Any suggestions about why the editor stops after the 2e nested regexp ?
(note really critical for me at this moment as my construction seems to work fine, just wondering)
find quote
UsagiYojimbo Offline
Member
Posts: 91
Joined: Feb 2010
Reputation: 2
Location: Debrecen, Hungary
Post: #17
(2013-01-21 21:30)beamer145 Wrote:  After upgrading to jdk-7u11 the problem seems solved.
JRE 1.6 includes JAXB 2.0 or 2.1, while JRE 1.7 includes JAXB 2.2, and somehow these versions (un)marshal XML differently.
As of 0.2.55 I added a workaround to correclty unmarshal in both JRE's. If anyone find a JRE/JDK that still produces this kind of error, please report it to me!
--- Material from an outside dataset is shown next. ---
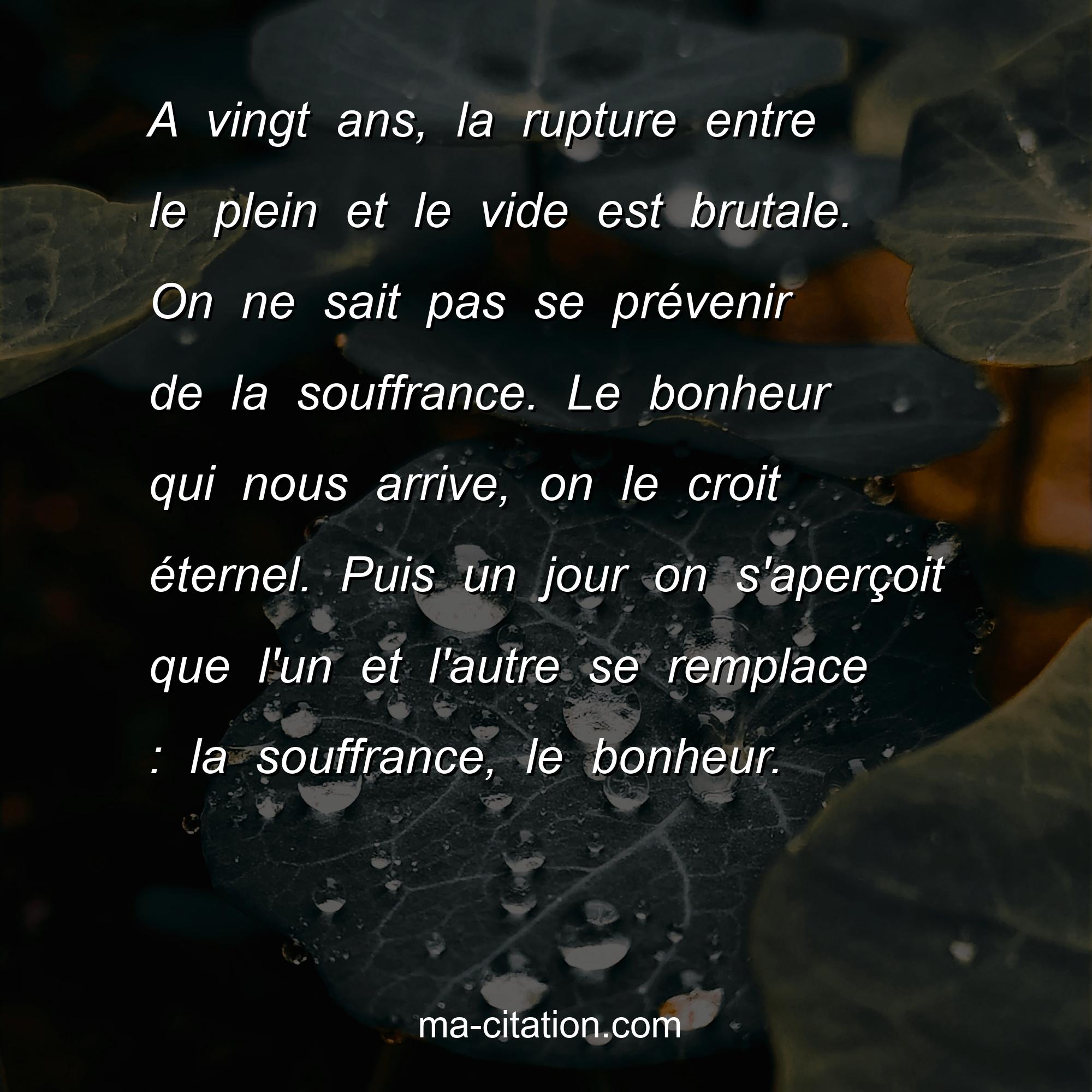 A vingt ans, la rupture entre le plein et le vide est brutale. On ne sait pas se prévenir de la souffrance. Le bonheur qui nous arrive, on le croit éternel. Puis un jour on s'aperçoit que l'un et l'autre se remplace : la souffrance, le bonheur.

(2013-01-21 21:30)beamer145 Wrote:  When I select my CreateSearchUrl and run Scrape or Debug, he seems to stop after my second nested regexp. No errors are reported and the dest buffer of this second regexp is not yet filled in (button remains grayed out). I am not sure what is going on, I suppose it should have continued all the way ?
It was caused by a minor bug in logging, I corrected this as well.
There is a log file in the user's home folder (on Win7 it is: c:\Users\<user name>\ScraperEdit.0.log).

(2013-01-21 21:30)beamer145 Wrote:  ( This one converts MovieNameInCamelCase_YEAR formatted folders to %20 seperated words, it works but unfortunately you need to rebuild XBMC with the unwanted ToLower operation on the file name commented out for it to work, but this is not a problem for your scraper debugger)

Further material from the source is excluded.